Between 25 and 27 June 2014, fifty or so delegates gathered at Weetwood Hall Hotel, Leeds (former country mansion, then university hall of residence, and now an elegant conference centre) to celebrate the fiftieth year of this journal's existence. The conference was simply named ‘Religious Studies at 50’, and the company was both distinguished and international – and happily included three former editors of the journal. The following articles represent a selection of the papers delivered at the conference, beginning with a look back over the last fifty years by my predecessors in the Editor's chair (together with some challenges), and ending with visions of philosophy of religion over the next fifty (or more).
The first issue of Religious Studies appeared in October 1965, so this issue very nearly coincides with the fiftieth anniversary. In his ‘Editorial Note’, the founding editor, Professor H. D. Lewis, noted the recent ‘marked renewal of interest in religious problems’. In part, this had arisen as a response to the attempts to debunk religious discourse by empiricist-verificationist philosophers. The Editor identified a number of different responses to this assault: the relatively traditionalist approach of defending the transcendent nature of the subject matter; removing religion from the sphere where ordinary standards of truth and falsity apply (while not abandoning all standards of truth); and the revisionary construction of religion as a fiction, engagement in which enables us to define our moral outlook. All these approaches are represented in the discipline today. What he did not, perhaps, anticipate was the Risorgimento of realist metaphysics in the succeeding decades and its application to religious concerns. But he also noted the increased interest in religion from other disciplinary perspectives: scientific, historical, linguistic, sociological, and comparative. It was to give a single outlet for all these disciplinary approaches that the journal was established. As my successors note in their addresses, this multi-disciplinary approach did not continue, and the journal became what it is today, an international journal for the philosophy of religion – while still sensitive, as philosophy is, to the challenges from those other disciplines. The cognitive science of religion, for example, forces reflection on the effect of neurobiology on the epistemology of religion, and it is wholly appropriate that this issue be discussed, as indeed it recently has been, in the pages of this journal.

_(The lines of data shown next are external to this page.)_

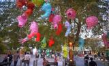 Instalasi seni sarang burung terpasang pada salah satu pohon di Jalan Malioboro, Yogyakarta, Senin (16/10/2023). Berbagai patung atau instalasi seni akan dijumpai di berbagai titik Jalan Malioboro hingga Titik Nol Kilometer Yogyakarta dalam rangka Jogja Street Sclupture Project (JSSP) 2023. Pada pameran patung luar ruangan terbesar di Indonesia JSSP ke-5 ini mengangkat tema Ruwat Gatra Rasa. Pameran ini diadakan sebagai salah satu cara merayakan Sumbu Filosofis Yogyakarta sebagai Warisan Budaya UNESCO. Pengunjung dapat menikmati hiburan tambahan aneka bentuk patung hingga 28 Oktober mendatang di Malioboro. (FOTO : Republika/Wihdan Hidayat)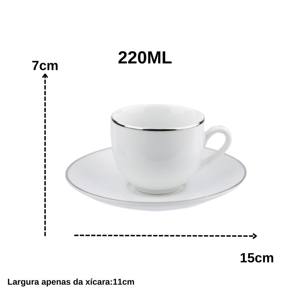Jogo Xicaras De Chá Café Com Pires 220ml Porcelana Kit 6 Peças Borda Prata Luxo Legacy Silver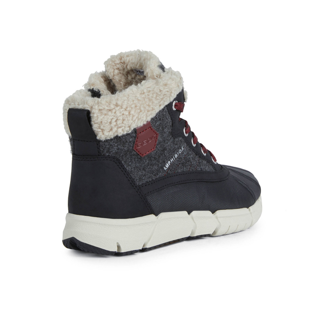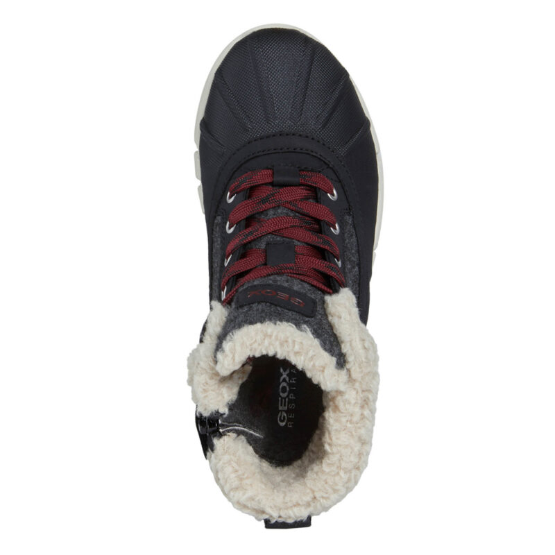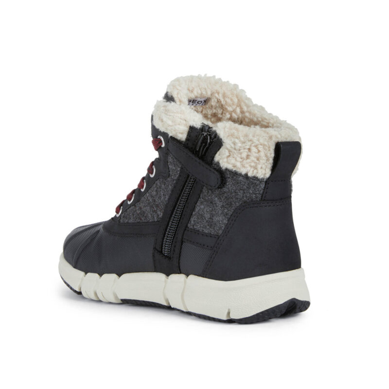 Geox waterproof boot with laces and zipper.It features fur on the top.The inner part consists of textile and a textile,waterproof insole.The outsole consists of on-slip rubber.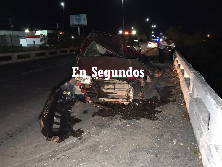 Cd. Victoria, Tam.- Un conductor resultó con graves fracturas y heridas cuando la camioneta que manejaba la estrelló contra el barandal de concreto de un puente y posteriormente volcó.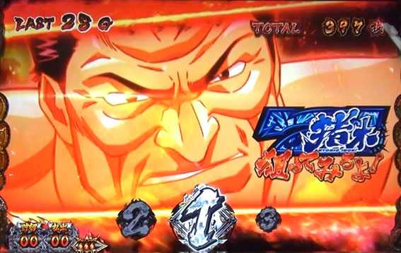 AT終了後に移行する「超通常時」だと上位版の超コロシアムZONEに移行する可能性アリ。同様にカットイン発生でボーナスのチャンス。ボーナスに当選せずに15G経過すると闘魂CHANCEに移行する。
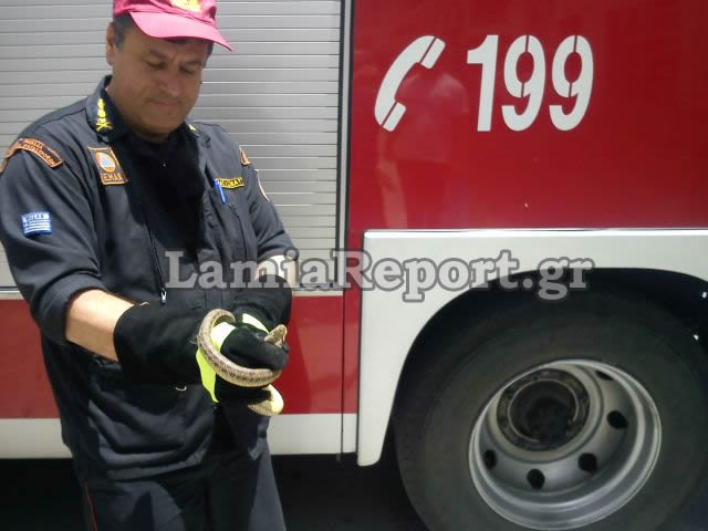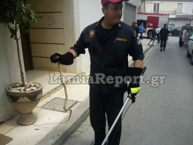 Σήμερα λίγο μετά τη 1:00΄ το μεσημέρι, δέχθηκαν τηλεφώνημα για φίδι σε είσοδο πολυκατοικίας στην οδό Μιαόυλη στη Λαμία.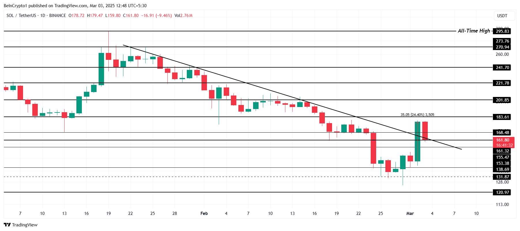 Solana ने पिछले महीने में लगातार गिरावट का सामना किया है, जिससे निवेशकों का विश्वास हिल गया है। हालांकि, 24% की वृद्धि यह संकेत देती है कि सबसे बुरा समय शायद खत्म हो गया है। SOL अब $161 पर ट्रेड कर रहा है, जो संभावित रिकवरी का संकेत देता है।
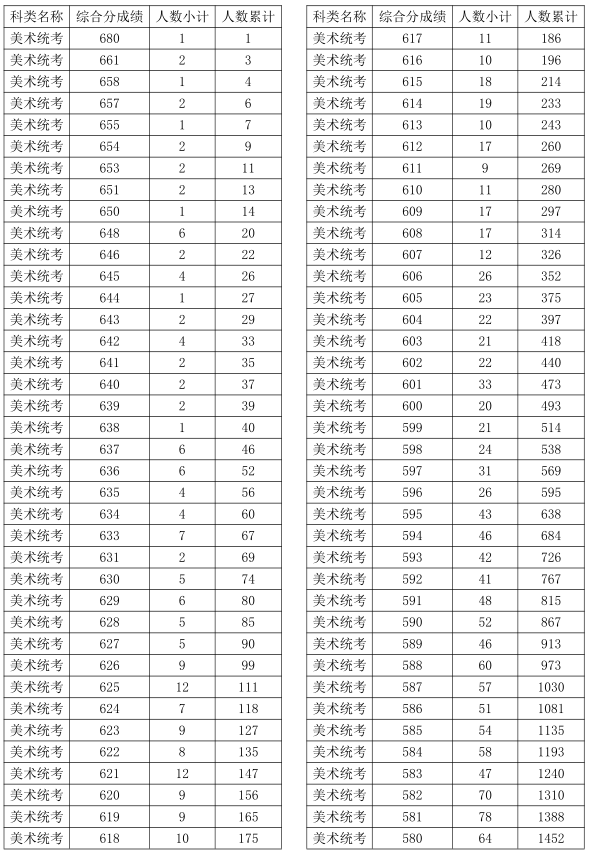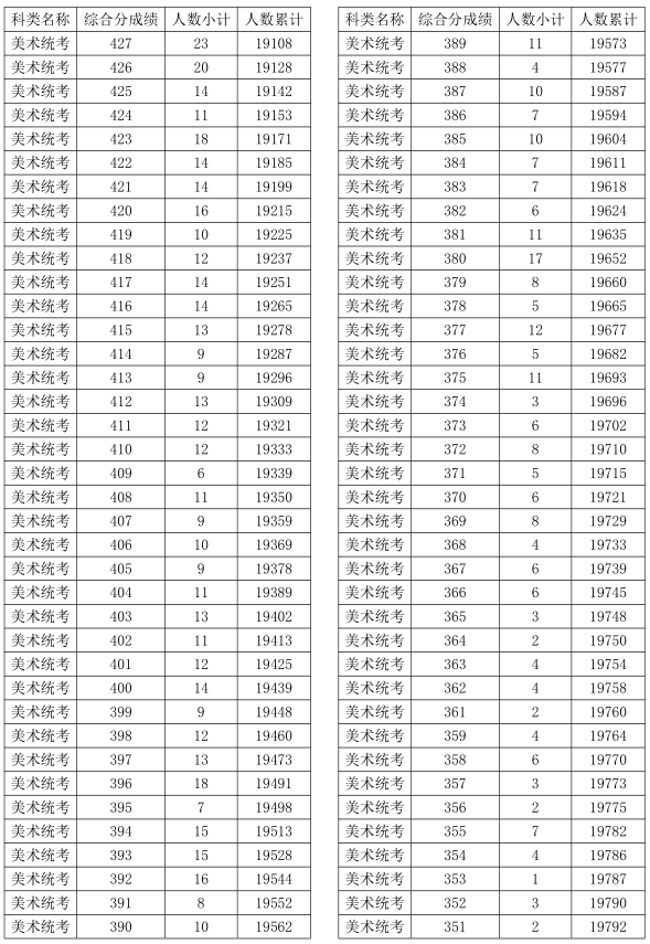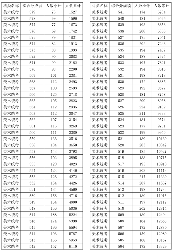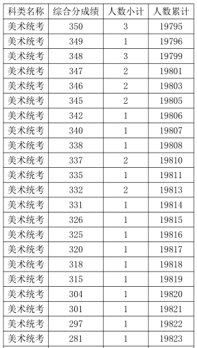 2021年浙江高考藝術(shù)類美術(shù)統(tǒng)考綜合分分段表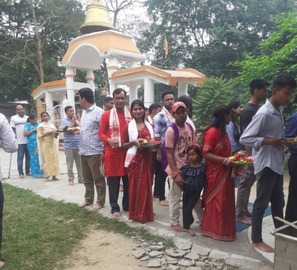 Shiva Shankar Sarma has traveled thousands of kilometers from Kathmandu to Tinsukia’s Tilinga Mandir with the whole family. Ties a bell in the temple and offers Puja to Lord Shiva and Dangoria Baba ( the holy people tree regarded as thousands of years old .)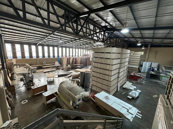 Additional features include staff ablutions with both male and female showers, a kitchenette, and a canteen area. The first-floor offices overlook the warehouse, ensuring good operational oversight.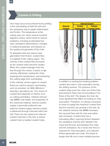 36 ISCAR GENERAL DRILLING HANDBOOK %u00bd%u0009Coolant in DrillingOne major issue encountered during drilling is the overheating of both the drill and the workpiece due to plastic deformation and friction. The temperature at the cutting area can reach several hundred degrees Celsius, which leads to various problems, including accelerated tool wear, workpiece deformations, changes in material properties, and impacts on the quality and geometry of the hole.To dissipate heat and reduce heat generation from friction, coolant flow is supplied to the cutting region. The velocity of the coolant flow increases as the coolant holes become smaller. When the coolant emerges from the tool through the nozzle, it exerts a high velocity, effectively cooling the chips, lowering their temperature, and protecting the cutting edge from overheating.In the industry, various types of coolant fluids are used to prevent overheating, such as emulsion, oil, MQL (Minimum Quantity Lubrication), etc. The choice of coolant fluid depends on factors such as cutting parameters, material removal rate (MRR), hole depth, and properties of the machined material. Internal coolant supply is generally preferred over external coolant supply. Internal coolant is delivered through channels within the drill. There are two options for internal coolant channels in the drill: a central coolant hole or twisted coolant holes.External CoolantInternal CoolantCentral Coolant HoleTwisted Coolant HolesIn addition to solving the heating problem, coolant also aids in chip evacuation during the drilling process. The pressure of the coolant helps push the chips out of the hole and prevents them from accumulating in the flutes of the drill. The deeper the hole, the more significant the effect of cooling on chip evacuation. Therefore, it is always necessary to strive to supply the maximum coolant flow that the machine can provide in the drill. As the material removal rate (MRR) increases, the required flow rate for chip evacuation also increases. Coolant also has a lubricating effect, reducing friction between the workpiece and the tool, between the chips and the tool, and between the chips and the workpiece. As a result, less force is required for chip evacuation, and reduced friction generates less heat. This leads to longer tool life and a more reliable process.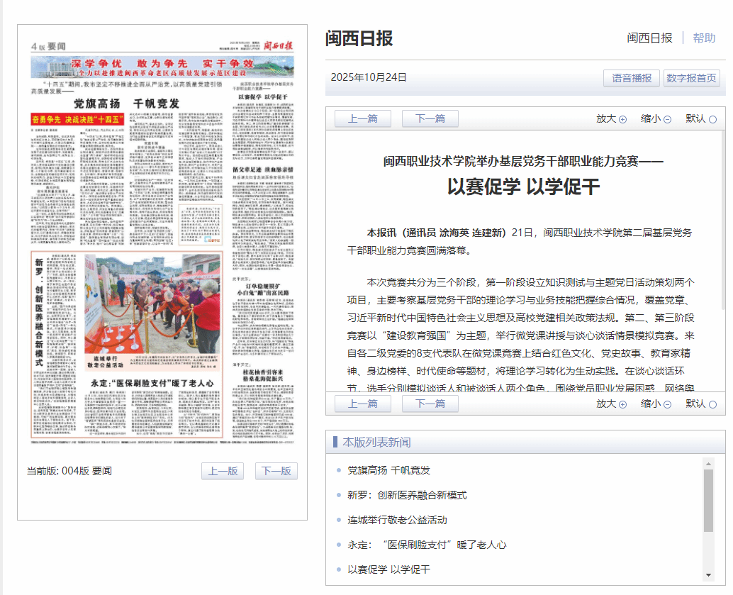 本报讯(通讯员 涂海英 连建新)21日,闽西职业技术学院第二届基层党务干部职业能力竞赛圆满落幕。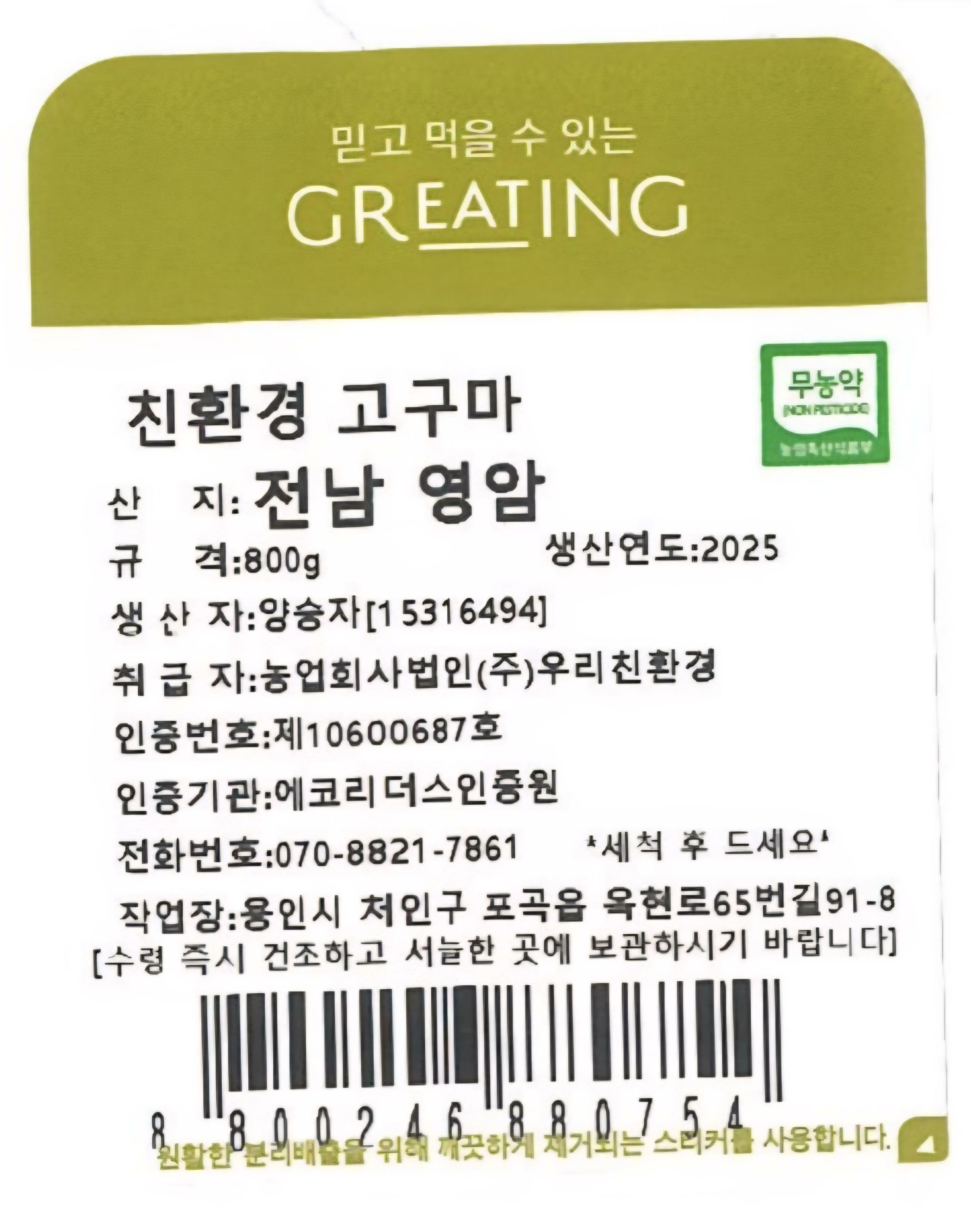 [그리팅] 친환경 고구마 800g
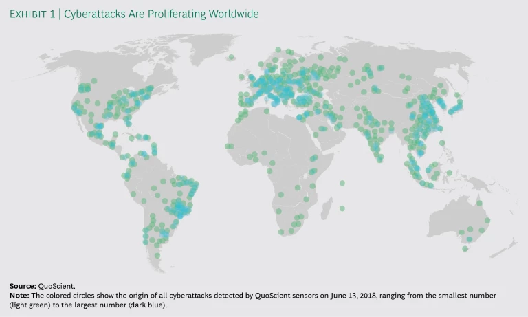Cyberattacks are becoming more numerous, ambitious, and effective, with criminals regularly targeting payment systems, IT systems, and databases. (See Exhibit 1.) The vast majority of attacks go unreported, but numerous banks have been hit in the past year. In its most recent annual risk report, the World Economic Forum observed that cyberattacks are the most likely manmade risk facing the global economy, with data fraud/theft coming next. Not even central banks are immune. One of the most notorious recent incidents saw hackers take tens of millions of dollars from a central bank payment system.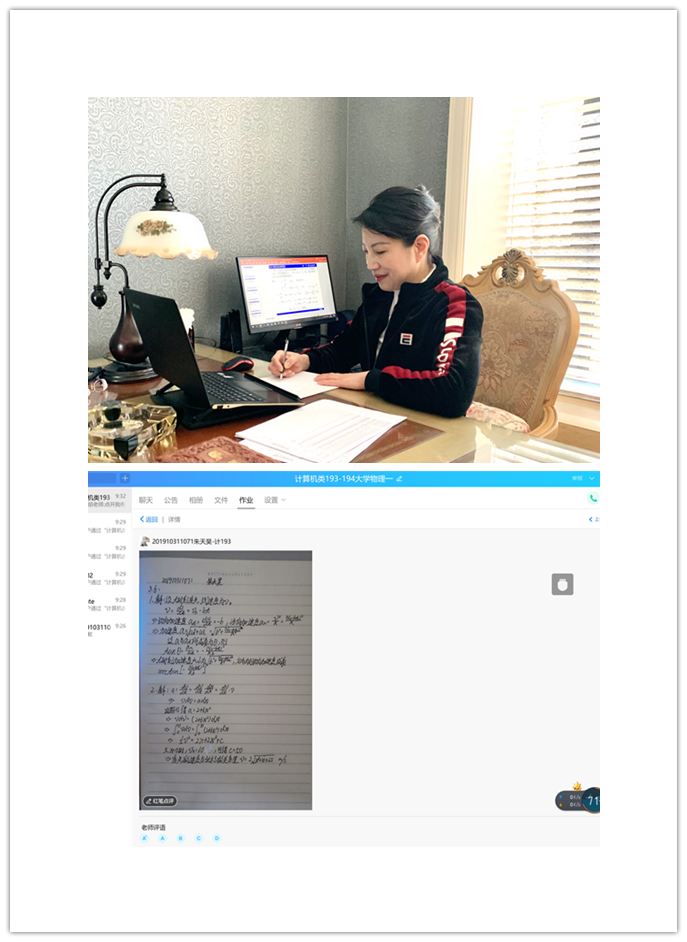文理学院物理教研室的阎明老师虽然是一名老教师,但她使用各种新媒体手段,在提高在线教学效果方面成了年轻人的导师。阎明整理了物理学习中学生最难掌握的公式和重点、难点,使学生能较好的把握课程的主要内容。为了让学生充分了解解题方法和步骤,同时由于讲解时需要用到大量的特殊符号,阎明老师就利用手机拍摄解题过程,边写边解释每个步骤。这个快捷便利的方法,有效解决了学生在作业中遇到的问题,对基本概念也有了更好地掌握。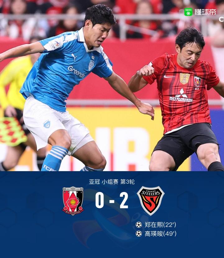 北京时间10月24日亚冠小组赛第3轮,浦和红钻主场对阵浦项铁人。比赛第22分钟,郑在熙率先破门,下半场比赛第49分钟,高瑛晙在下一城。最终比分0-2。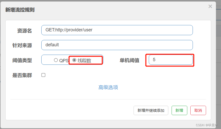 上图表示的是:给provide/user接口设置流控规则,线程数不能超过5。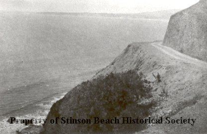 With the shoreline showing a great expanse of ocean with rocks below the cliff on the lower left side of the photograph, a highway is cut into the cliff and turns a corner at the upper right of the picture. In the distance another shoreline extends to close in a bay. The highway is at this point just a narrow dirt road.

I hope Hywel Lewis would have agreed that the articles in this volume are testament to the continued vigour of philosophical writing on religious matters, and the enforced brevity and focus of them provides a welcome example of how much, in academic writing as in other walks of life, can be achieved in a small space.
The Founding Editor sounded an appropriately optimistic note in his opening statement, reporting the view (and perhaps also expressing the hope) that advances in philosophy in general might come through the revival of interest in religious questions. As we could alternatively put it, taking religious discourse and practice as case studies may lead us to insights which are more generally applicable. Quite how much this has been appreciated outside philosophy of religion is uncertain, but it remains our hope, and one of the journal's aims is to provide ready access to those insights for those who are prepared to accept them from this particular quarter. But the potential gains are not just intellectual. Although this is plainly not the intention of many papers in the discipline, there is no reason why a discussion in the philosophy of religion could not itself be a contribution to the spiritual life: that, suitably constructed, an analysis of religion could be of direct religious value. And again, we would hope to offer an outlet for such papers.
Professor Lewis also noted the increased provision of philosophy of religion teaching in the universities. In the UK at least, that has not extended to the present day – in fact, one can discern the reverse trend. But what was true of universities then is true of schools today, where philosophy of religion has entered the curriculum in a very significant way. Perhaps we can express another optimistic hope: that this will provide us with a new generation of philosophers willing to take religion as their chosen object of intellectual reflection.
Finally, I would like to thank Cambridge University Press for their generous sponsorship of the conference and for their encouragement and support throughout my time as Editor. Religious Studies was from the beginning a Cambridge journal, and I hope it will ever remain so.